Show me what you’ve done with nothing. Creating something from nothing is the most challenging part of what an entrepreneur does. That’s what we do all the time and that’s what actually builds value. That’s what entrepreneurs are doing: they’re always leveraging their own capabilities to be worth something from nothing.

That leads me to one of your companies, Harmonix. They spent 10-12 years developing technology, never really succeeded with something in the market after 3-4 tries. Then, all of a sudden, they come up with something that totally takes over the world. How’d that happen?

They have always had cool stuff. I was working in Cambridge when I met them - they were wildly passioante about music and about allowing people to create it.

I love this group of entrepreneurs because of what they could do with very little. I was one of the many people that backed them early, within the first year, before they had any sort of material sales.

Though they raised many rounds of equity to produce Guitar Hero, they actually did extremely well - they’re very rich. Though they kept raising rounds without a breakthrough, they were always working, always had some interest from bands that would be working with them. They always had some buzz, and they were always passionate.

It did take them 10 years, and they did not make any money for 10 years - but they never gave up. And that’s exactly what it takes to be an entrepreneur: to never give up, to know that your vision and direction is the right one. It is a hard path.

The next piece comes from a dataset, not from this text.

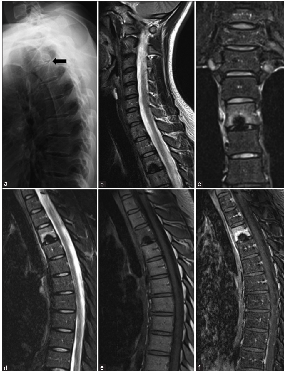
Figure 1: Lateral view of plain radiography of the thoracic spine (a) shows calcification of the nucleus pulposus in the T3-4 intervertebral disc space (arrow). Sagittal T2-weighted image of the cervical and upper thoracic spine (b) reveals marked hypointense lesions at the T3-4 intervertebral disc and T3 inferior endplate. Coronal (c) and sagittal (d) T2-weighted image with fat suppression of the thoracic spine nicely demonstrate a well-defined hypointense lesion at the nucleus pulposus of T3-4 intervertebral disc protruding into the T3 inferior endplate, and diffuse hyperintensity of marrow edema within the T3 vertebral body, particularly around the inferior endplate. Sagittal T1-weighted image of the thoracic spine (e) also shows marked hypointensity of the T3-4 intradiscal lesion. There are intense and moderate enhancement of the T3 body on the post-contrast sagittal T1-weighted image with fat suppression (f). No enhancement of the T3-4 intradiscal lesion is noted

and hyperintensity on T2-weighted image of whole T3 vertebral body with vivid enhancement, representing with bone marrow edema. No abnormal paravertebral soft-tissue involvement was found [Figure 1b-f]. Subsequent CT scan of the thoracic spine also disclosed calcification of the T3–4 nucleus pulposus, migrating through the inferior endplate of T3 vertebral body [Figure 2]. Her severe pain was controlled with intravenous parecoxib sodium 40 mg twice a day for 3 days. The pain was also treated with multidrug therapy, including etoricoxib 90 mg once a day, pregabalin

These guys kept at it and then suddenly they were the number one band in the world. And suddenly they were selling $1-2 billion dollars worth of product a year.

Tell us about how you got involved with Netflix.

For Netflix, I was an limited partner of another VC fund - that’s how I originally got into Netflix. I just kept buying more and more of it - same as Harmonix - and it became some of the best return I’ve ever had. It’s about having that patience and persistence in things.

With Netflix they launched and went public very quickly, and I kept buying more even when they went public, racking up a huge run over the years.